* How to complete this task: Any picture in the material should be left out, while all other lines are copied exactly.
### Supplied information ###
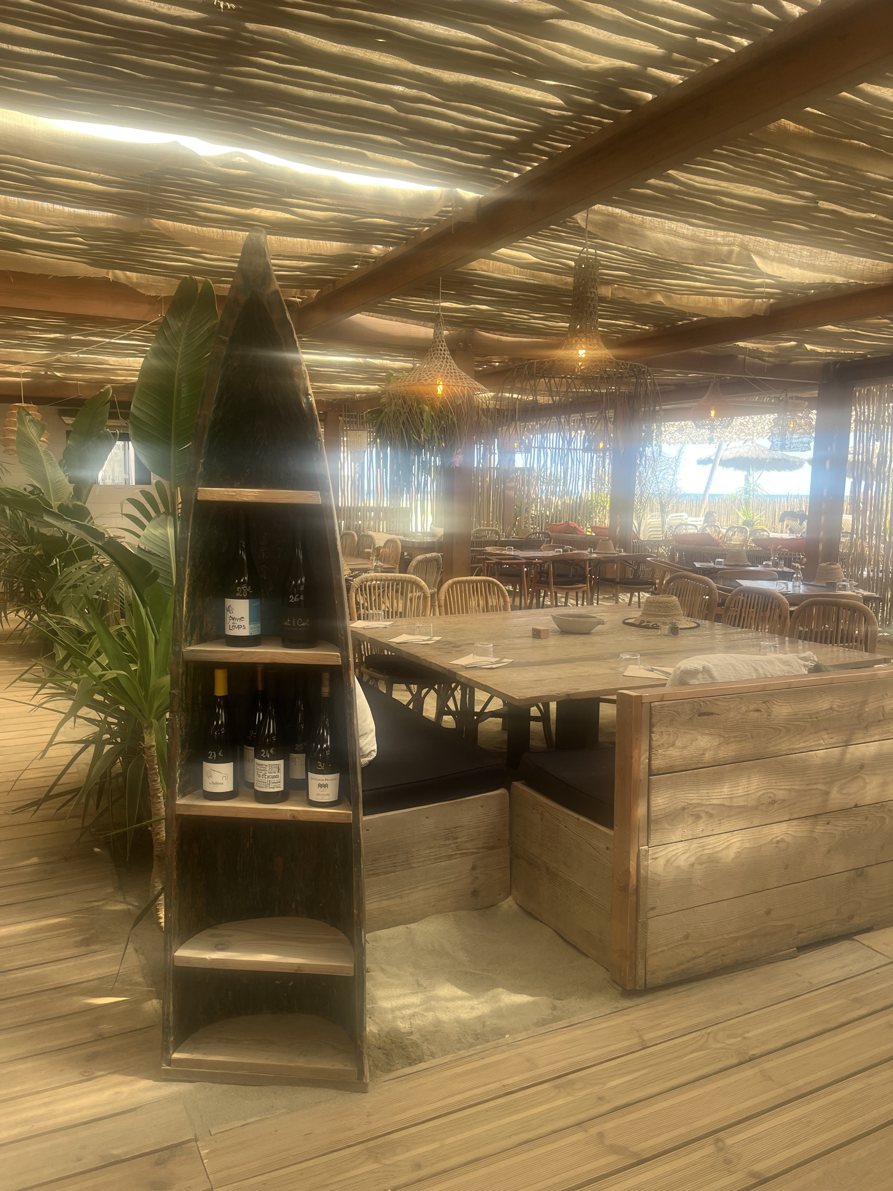 Accueil sympa, déco en bois chic et branchée mais sans chichi, cuisine simple dans l'air du temps avec tapas et Buddha bols. Possibilité de louer des transats à la demi-journée. Je recommande.
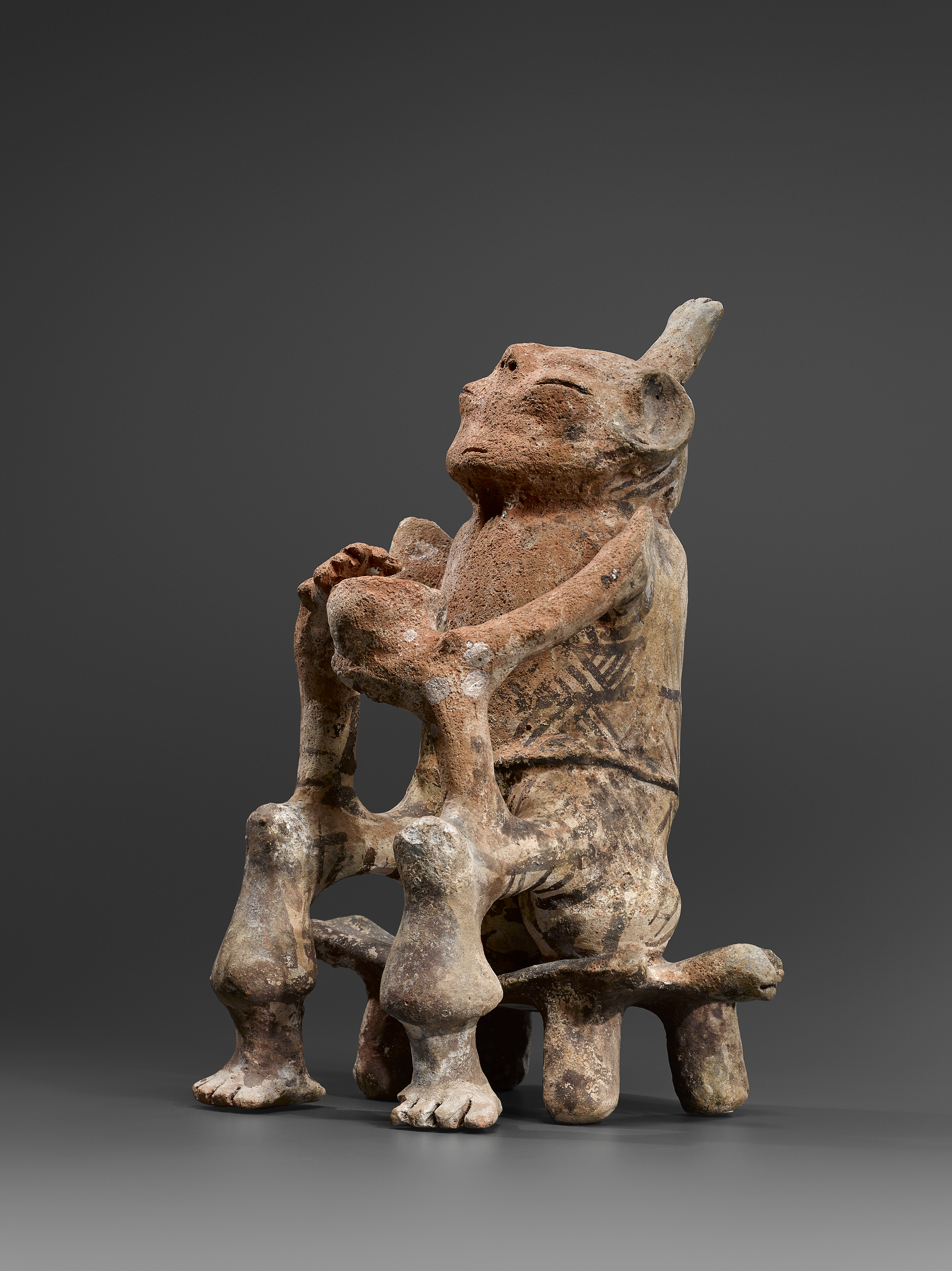 Sitting male figure Timoto-Cuica, 900-1300 AD Trujillo State, Venezuela Terracotta, pigments H 29 x W 23 x D 17.5 cm Datation: TL test n° 481z12 by the Research Laboratory for Archaeology, Oxford University, United Kingdom, on 7 May 1991 Provenance: Galerie Ferrero, Geneva, 1968; collection Barbier-Mueller, Geneva, Inv. n° 530-2; Sotheby's auction, Paris, collection Barbier-Mueller-Art Précolombien, on 22 and 23 March 2013, n° 265 Literature: Paz, Octavio, Butor, Michel, Barbier, Jean-Paul, Stierlin, Henri, Lavallée, Danièle, Conceição G., Corrêa, Barry, Iris, 1992, Art millénaire des Amériques : de la découverte à l'admiration, 1492-1992, Arthaud, fig. 130, p. 178 & 179; Conceição G., Corrêa, Barry, Iris, 2002, Amazonie précolombienne, Museo Barbier-Mueller de Arte Precolombino, Barcelona, 5 Continents, fig. 4, p. 17; Benson, Elizabeth P., 2003, Trésors de la céramique précolombienne du Museo Barbier-Mueller de Arte Precolombino de Barcelona, Musée Barbier-Mueller et Somogy éditions d’art, fig. 44, p. 52
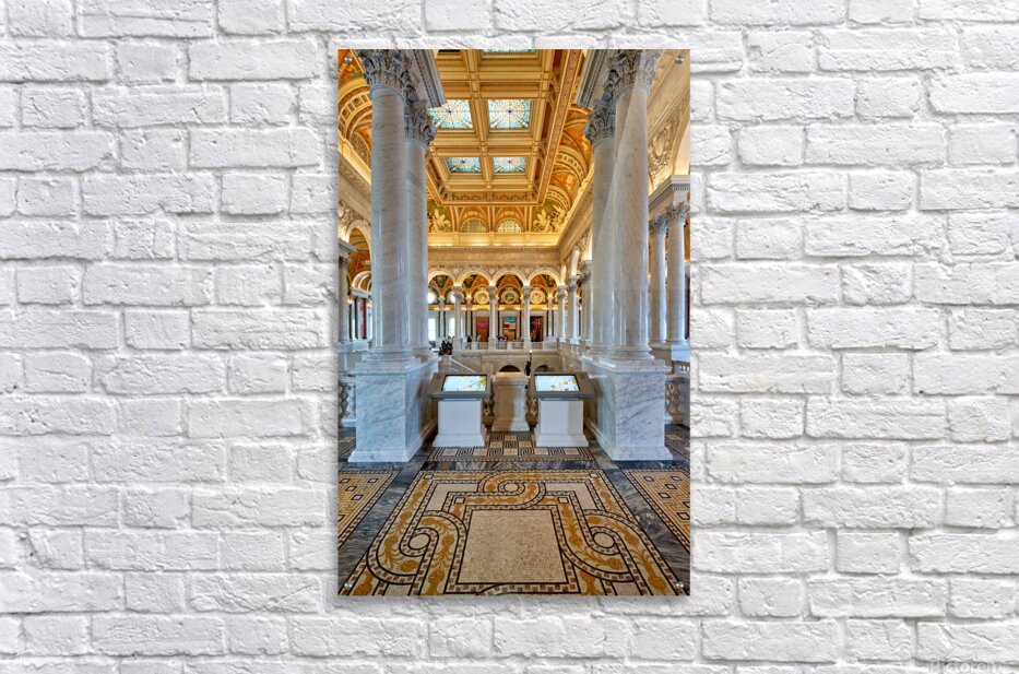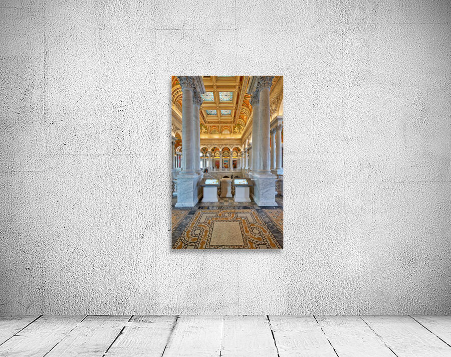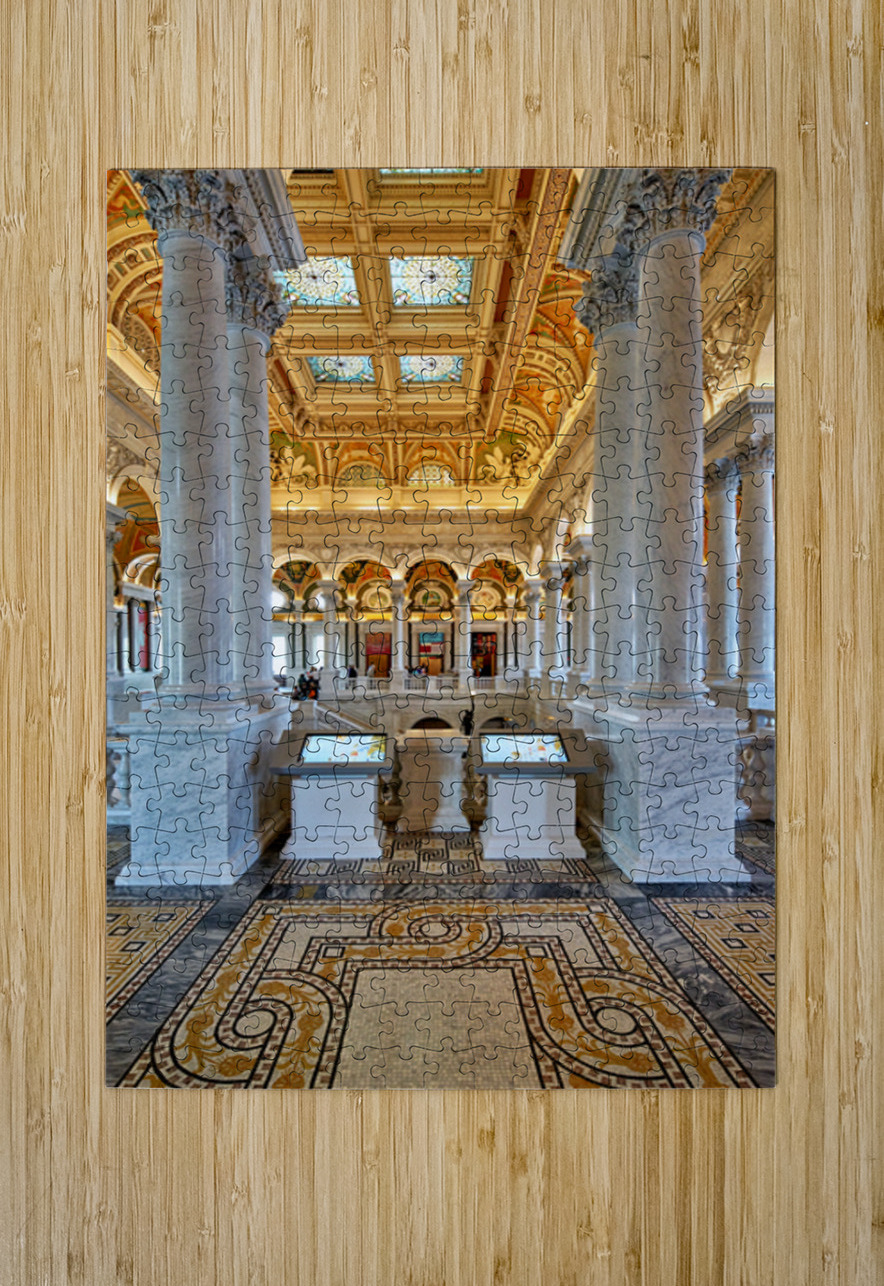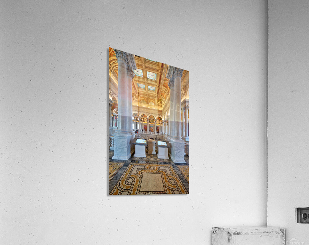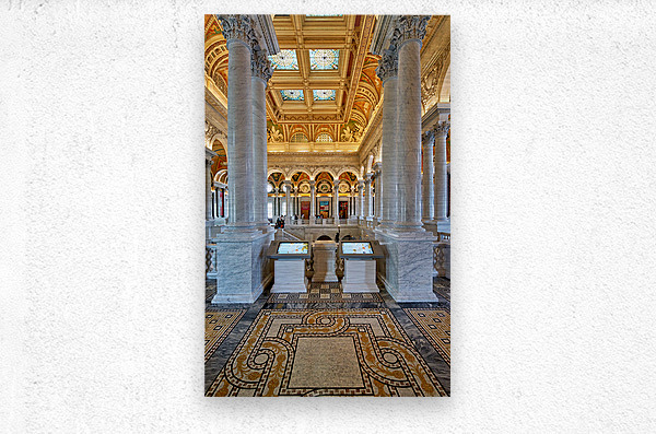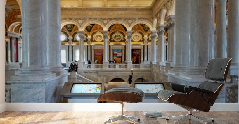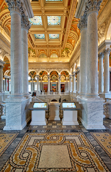 People walk through the Library of Congress in Washington D.C. The beautiful architecture and displays draw visitors inside.
###
* Answer below:
 Accueil sympa, déco en bois chic et branchée mais sans chichi, cuisine simple dans l'air du temps avec tapas et Buddha bols. Possibilité de louer des transats à la demi-journée. Je recommande.
 Sitting male figure Timoto-Cuica, 900-1300 AD Trujillo State, Venezuela Terracotta, pigments H 29 x W 23 x D 17.5 cm Datation: TL test n° 481z12 by the Research Laboratory for Archaeology, Oxford University, United Kingdom, on 7 May 1991 Provenance: Galerie Ferrero, Geneva, 1968; collection Barbier-Mueller, Geneva, Inv. n° 530-2; Sotheby's auction, Paris, collection Barbier-Mueller-Art Précolombien, on 22 and 23 March 2013, n° 265 Literature: Paz, Octavio, Butor, Michel, Barbier, Jean-Paul, Stierlin, Henri, Lavallée, Danièle, Conceição G., Corrêa, Barry, Iris, 1992, Art millénaire des Amériques : de la découverte à l'admiration, 1492-1992, Arthaud, fig. 130, p. 178 & 179; Conceição G., Corrêa, Barry, Iris, 2002, Amazonie précolombienne, Museo Barbier-Mueller de Arte Precolombino, Barcelona, 5 Continents, fig. 4, p. 17; Benson, Elizabeth P., 2003, Trésors de la céramique précolombienne du Museo Barbier-Mueller de Arte Precolombino de Barcelona, Musée Barbier-Mueller et Somogy éditions d’art, fig. 44, p. 52
 People walk through the Library of Congress in Washington D.C. The beautiful architecture and displays draw visitors inside.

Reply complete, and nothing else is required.